As Secretary of the Department of Health and Human Resources, he is in charge of the reunification of immigrant families seeking asylum at the border.  He made statements about this reunification process that, "There is no reason why any parent would not know where their child is located."  And stated that the Department of HHS was acting out of "generosity for immigrant children."  All of these statements contradicted by the facts brought out by various news organizations and the ACLU.

Secretary Alex Azar was the head US delegate to the May meeting at the WHA (World Health Assembly) in which Ecuador was to introduce a supportive statement regarding breastfeeding. Most of us have heard the rest of the story.  Ecuador felt threatened and backed down and the Russian delegates made the introduction to support breastfeeding.  The US delegation says they did not threaten anyone.  But obviously something happened.

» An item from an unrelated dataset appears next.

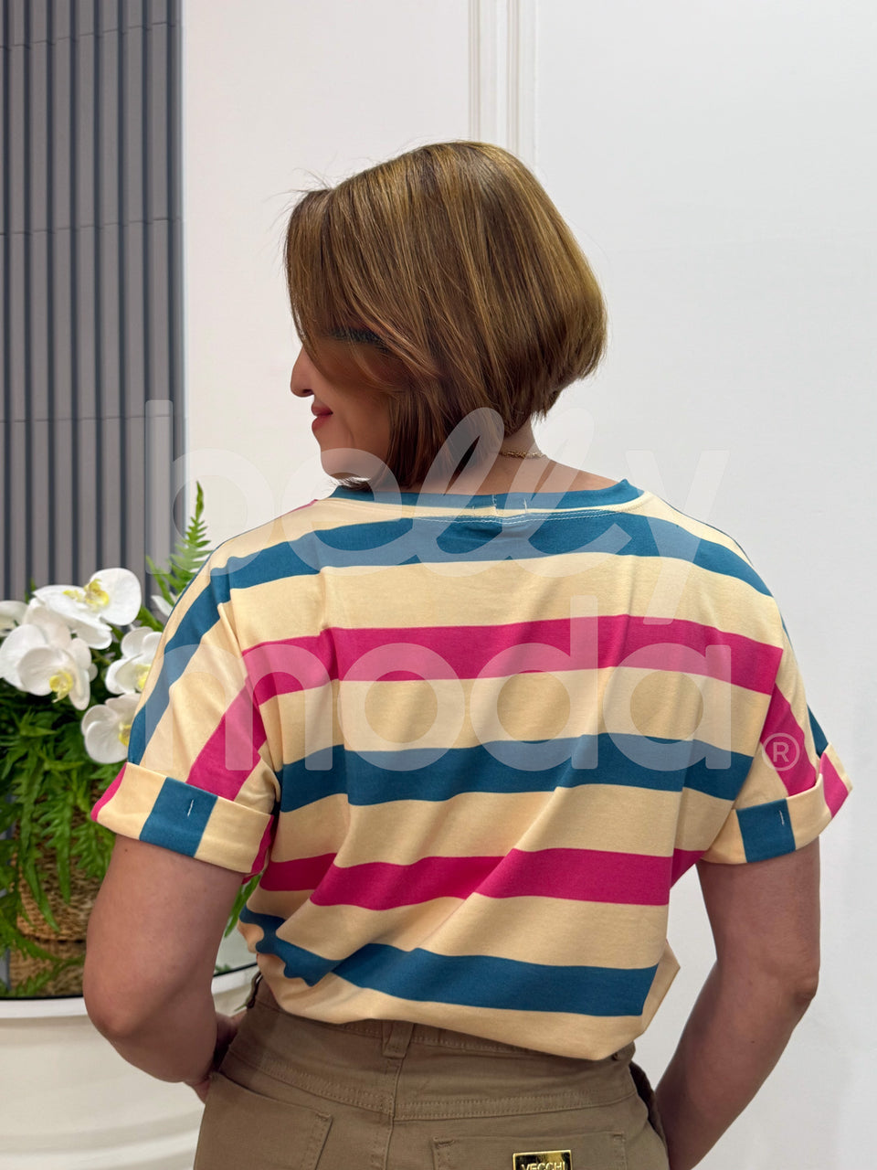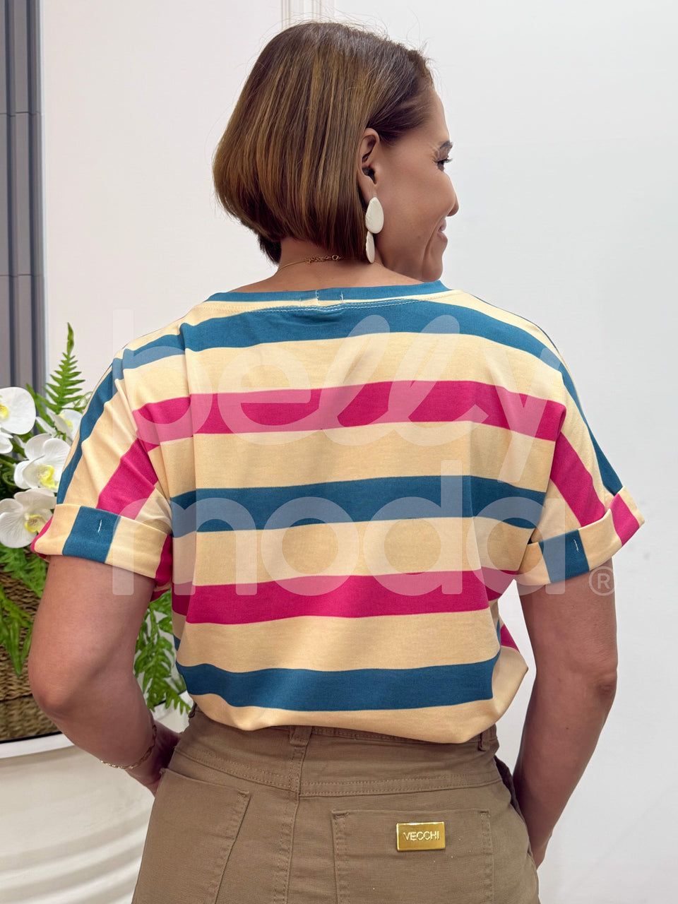 Blusa Heloísa da Belly Moda, com modelagem mais soltinha e estilo casual. Feita em malha viscolycra com toque de algodão, possui manga raglã com finalização dobrada, gola canoa e estampas lindas.

The US Deputy Secretary to Secretary Alex Azar is Eric D. Hargan who previously has been shareholder in a lobbying firm, Greenberg Traurig LLP.  Some of the lobbying firm's clients were Bayer (a pharmaceutical company that also manufactures infant formula), Albertson's Grocery, Samsung. etc.
https://www.opensecrets.org/revolving/rev_summary.php?id=71406

According to the Washington Examiner on the WHO meeting on sugar taxes,
"Eric Hargan, the U.S. deputy secretary for health and human services, reported that he was the commissioner who blocked advocacy for a levy on sugar on the said panel, arguing it was not clear that imposing taxes on sugary drinks like sodas and fruit juices would improve public health."
 https://www.washingtonexaminer.com/opinion/trump-administration-blocks-who-from-calling-for-sugar-taxes

Those who were appointed to the US Health and Human Services agency seem to side with business interests at the WHO.  One would suppose that this agency would be supportive of health promotion not business promotion.  But not to many people realize that the US Department of Health and Human Service owns patents.  They even own a patent on human lactoferrin (a component of human milk).

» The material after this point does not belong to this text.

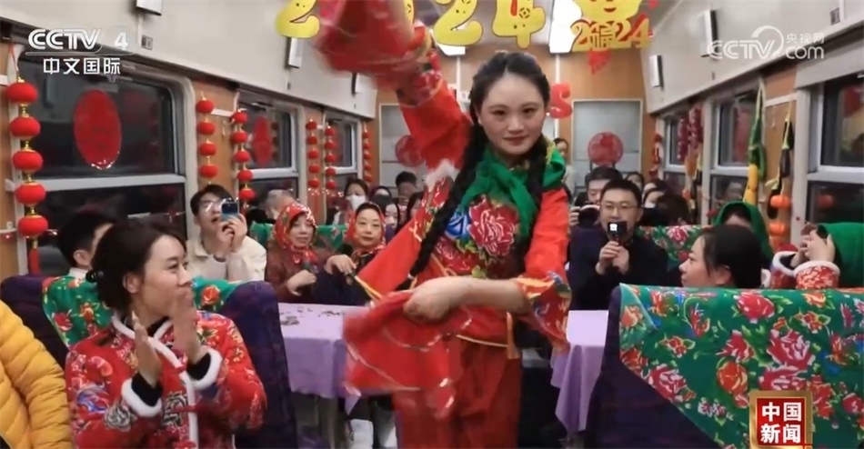 總臺央視記者 楊曜語:我即將登上的列車就是從哈爾濱開往漠河的國內(nèi)首個沉浸式東北民俗文化體驗列車,坐過的人都說一上車就想盤腿兒了,我們趕緊來體驗一下!一上車我就被濃濃的東北文化所感染到了,整個車廂都被東北大花的經(jīng)典配色裝飾著,再加上隨手就能品嘗到東北特色美食,坐在床鋪上就感覺一秒鐘“穿越”到農(nóng)家炕頭。

Patent #5948613, in which they state the following,

"Another embodiment of the present invention relates to a method of treating a condition in a patient characterized by a deficiency in lactoferrin by administering to the patient an amount of human lactoferrin according to the present invention in sufficient quantities to eliminate the deficiency. The conditions include neutropenia, AIDS, skin infection, gastrointestinal bacterial overgrowth syndrome, vaginal infection and septic shock."

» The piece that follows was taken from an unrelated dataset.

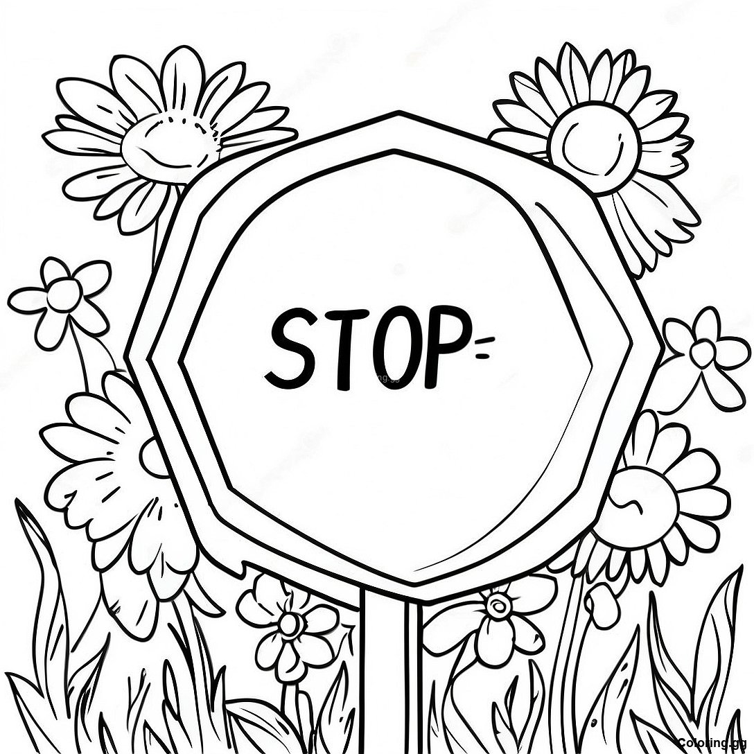 ফুল দ্বারা ঘেরা স্টপ সাইন রঙ করার পাতা

The patent was filed in 1996, so it is a dead patent.  A patent is valid for 20 years from date of filing, although extensions are possible.  Fascinating that the US Department of Health owned a patent that stated that human lactoferrin, a component of human milk, could eliminate a variety of health issues including AIDs.  Yet, they are not supportive of breastfeeding by women who test positive for hiv.  Maybe they forgot to read their own patent? Or maybe it is that money is the mother's milk of politics?
Copyright  2018 Valerie W. McClain

* "Money is the mother's milk of politics," is attributed to statements made in 1960's by California Democrat, Jesse Unruh, who died in the 1980's.